▶ Task objective
The records below are to be copied exactly, with their pictures left out.

▶ Given entries
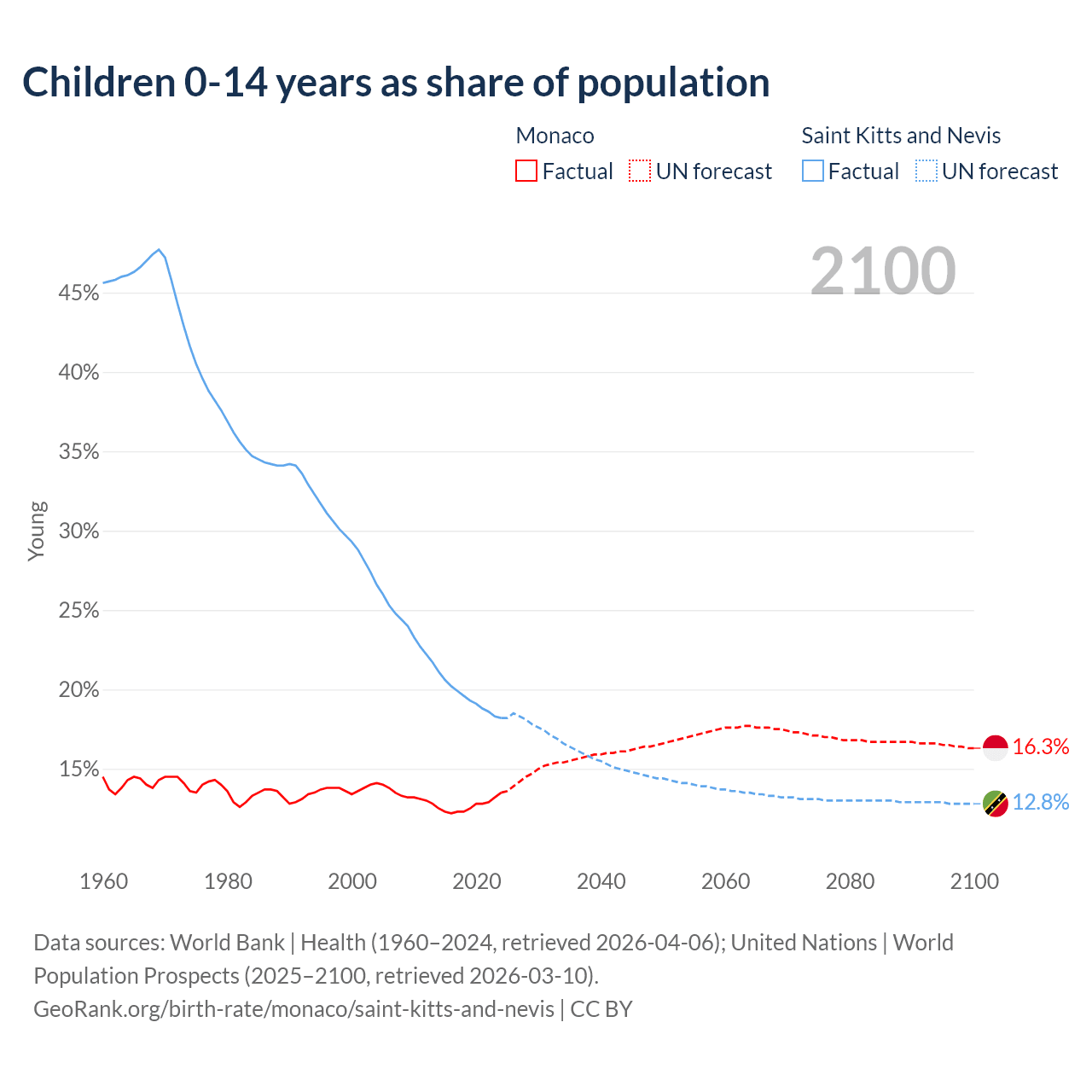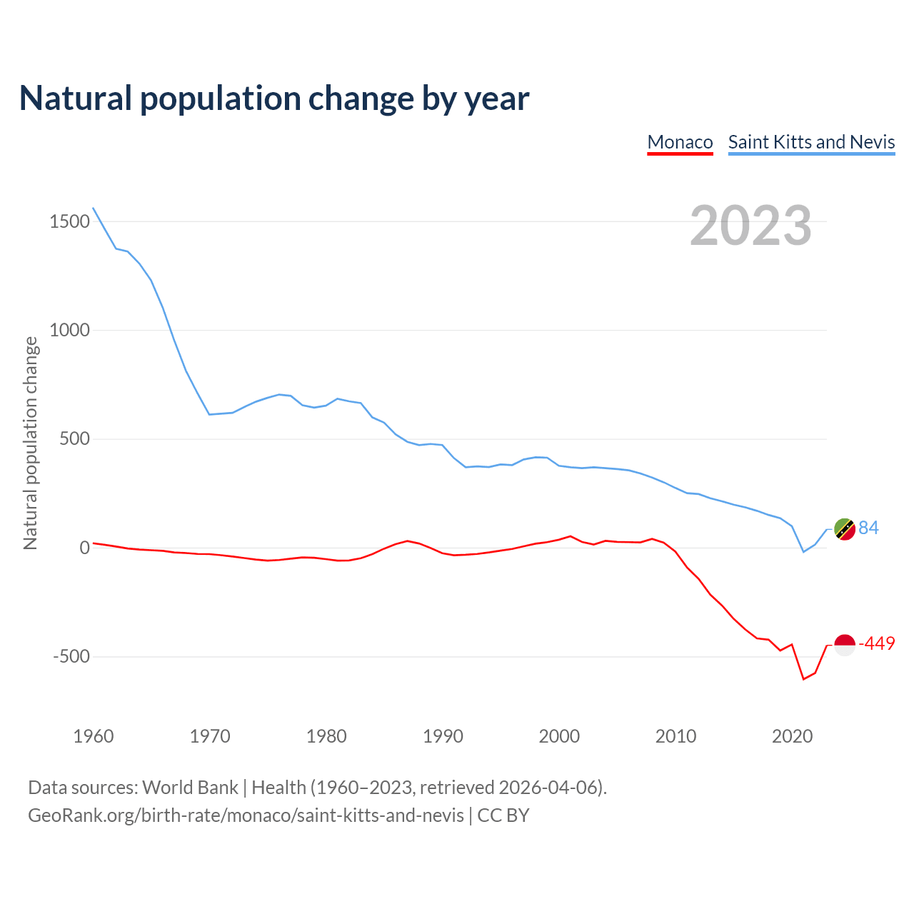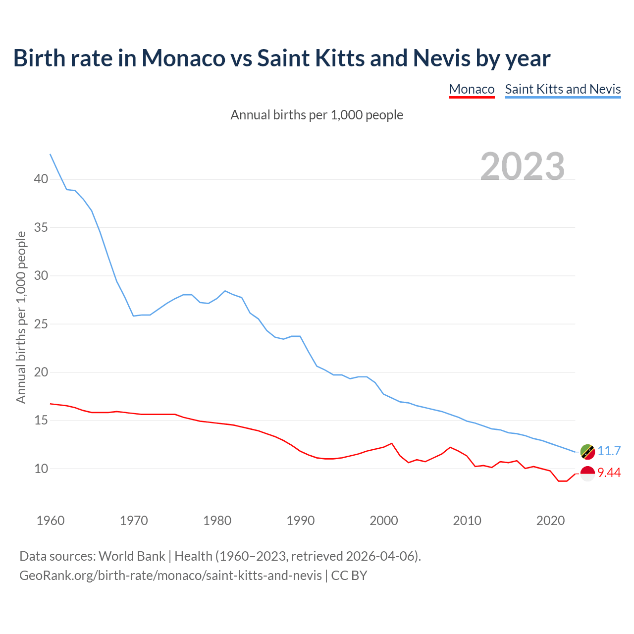 According to the latest available data on birth rates, the fertility rate in Monaco was 2.11 children per woman in 2023, compared to 1.51 in Saint Kitts and Nevis in 2023. The replacement level is considered to be 2.1 children per woman.
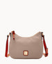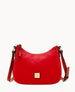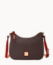 One inside zip pocket. Two inside pockets. Inside key hook. Strap drop length 26.5". Lined. Zipper closure.
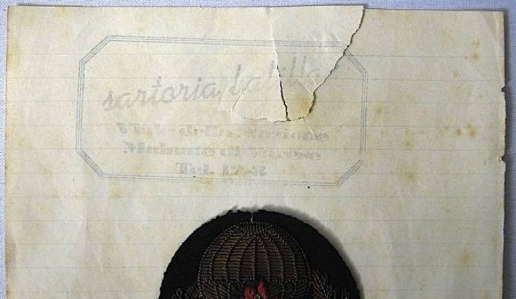 Il distintivo è ancora cucito sul foglio campionario della sartoria che porta l´intestazione ´SARTORIA BALILLA - Viale della Stazione - Malnate di Varese - Tel. 12-8´. Il comando della Scuola Paracadutisti di Tradate era situata a 11 km. di distanza da Malnate. Un brevetto identico è pubblicato in ´Distintivi e Medaglie della R.S.I., 2° vol., pag,43 di Fausto Sparacino. Condizioni eccellenti.
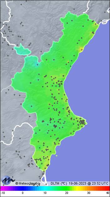 | 19-06-2023 | | | Máx. | Mín. | | | Temperatura | 25,7 | 18,9 | °C | | Humedad | 93 | 66 | % | | Viento | 32 | n/a | km/h | | Presión | 1.013 | 1.010 | hPa | | Precipitación | 0,0 | mm |
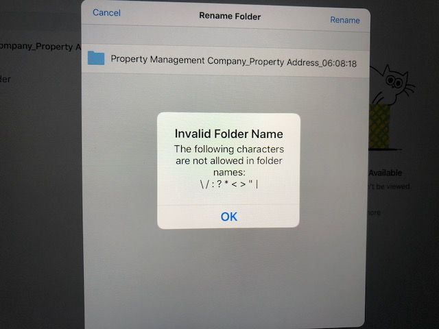 So, when I was using DropBox on my iPad I notice that by default it changes the forward slash symbol with a colon. No problem. I'm sure there is a reason for that. However, when I attempt to change the file name to Property Management Company_Property Address_06:08:18 (using the same colon symbol) I get a message saying:
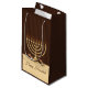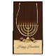Här har vi en underbar presentväska som har en gyllene menorah sitta på en bord på en ljusbrun och mörk brun lodrät som är strimlad bakgrund. Texten på väskan med texten "Lycklig Hanukkah" kan tas bort eller anpassas för mottagaren. Den här väskan är en matchning mot andra presentpåsar, som slår pappra, vävnadspapper och ett hälsningskort! Det kommer att göra en perfekt till din gåva till dina vänner och din familj den här julhelgen.
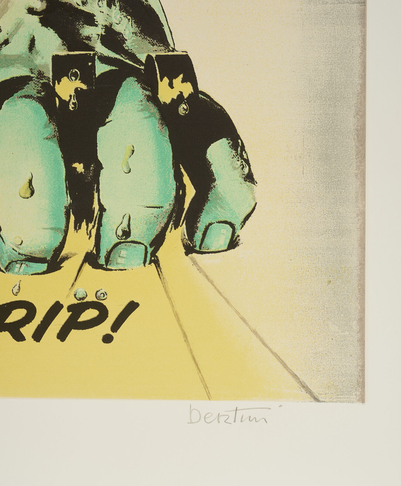 BERTINI GIANNI (1922 - 2010) Grip. 2003. Serigrafia. Cm 76,50 x 110,00. II/XX. Tiratura e firma in basso a matita. Timbro a secco Stamperia Berardinelli, Brescia, in basso a destra. Edizione totale: 75+XX esemplari. Difetti.
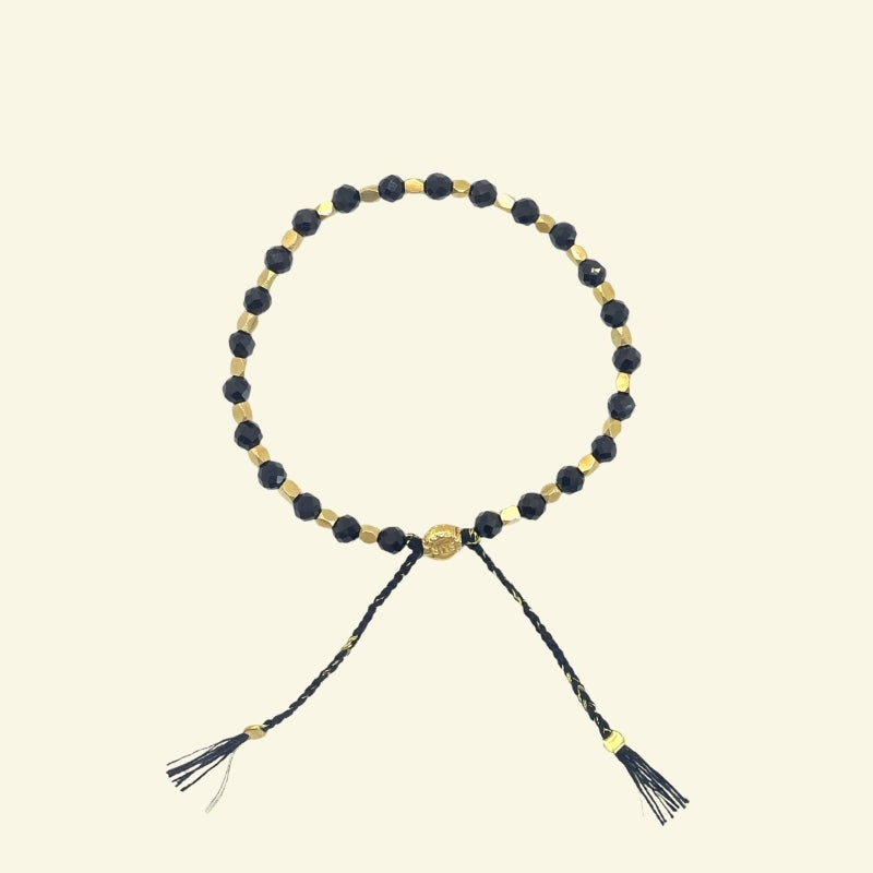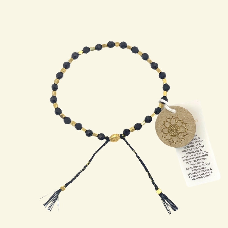 Each bracelet is tagged with an explanation of black tourmaline's powers as well as a beautiful linen pouch, to keep it safe. Faceted beads are 3mm and circumference of bracelet is 17 cm.
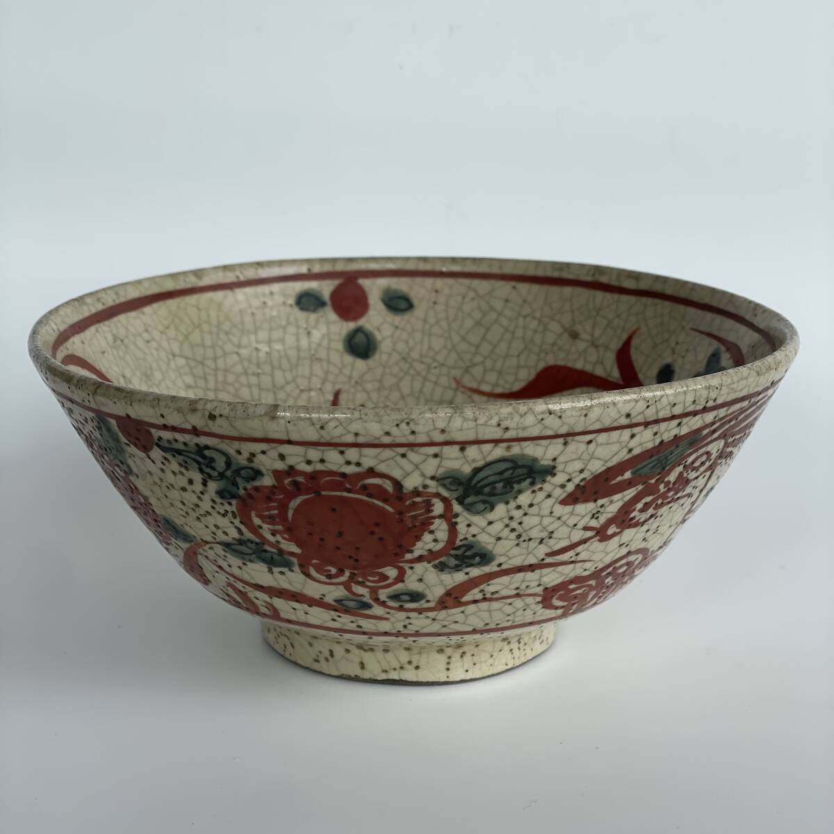 - 中国 明 呉須赤絵 菓子鉢 中鉢 古玩 魁鉢 唐物 時代物 江戸期 犬山焼 花文

▶ Written answer
 According to the latest available data on birth rates, the fertility rate in Monaco was 2.11 children per woman in 2023, compared to 1.51 in Saint Kitts and Nevis in 2023. The replacement level is considered to be 2.1 children per woman.
 One inside zip pocket. Two inside pockets. Inside key hook. Strap drop length 26.5". Lined. Zipper closure.
 Il distintivo è ancora cucito sul foglio campionario della sartoria che porta l´intestazione ´SARTORIA BALILLA - Viale della Stazione - Malnate di Varese - Tel. 12-8´. Il comando della Scuola Paracadutisti di Tradate era situata a 11 km. di distanza da Malnate. Un brevetto identico è pubblicato in ´Distintivi e Medaglie della R.S.I., 2° vol., pag,43 di Fausto Sparacino. Condizioni eccellenti.
 | 19-06-2023 | | | Máx. | Mín. | | | Temperatura | 25,7 | 18,9 | °C | | Humedad | 93 | 66 | % | | Viento | 32 | n/a | km/h | | Presión | 1.013 | 1.010 | hPa | | Precipitación | 0,0 | mm |
 So, when I was using DropBox on my iPad I notice that by default it changes the forward slash symbol with a colon. No problem. I'm sure there is a reason for that. However, when I attempt to change the file name to Property Management Company_Property Address_06:08:18 (using the same colon symbol) I get a message saying:
Här har vi en underbar presentväska som har en gyllene menorah sitta på en bord på en ljusbrun och mörk brun lodrät som är strimlad bakgrund. Texten på väskan med texten "Lycklig Hanukkah" kan tas bort eller anpassas för mottagaren. Den här väskan är en matchning mot andra presentpåsar, som slår pappra, vävnadspapper och ett hälsningskort! Det kommer att göra en perfekt till din gåva till dina vänner och din familj den här julhelgen.
 BERTINI GIANNI (1922 - 2010) Grip. 2003. Serigrafia. Cm 76,50 x 110,00. II/XX. Tiratura e firma in basso a matita. Timbro a secco Stamperia Berardinelli, Brescia, in basso a destra. Edizione totale: 75+XX esemplari. Difetti.
 Each bracelet is tagged with an explanation of black tourmaline's powers as well as a beautiful linen pouch, to keep it safe. Faceted beads are 3mm and circumference of bracelet is 17 cm.
 - 中国 明 呉須赤絵 菓子鉢 中鉢 古玩 魁鉢 唐物 時代物 江戸期 犬山焼 花文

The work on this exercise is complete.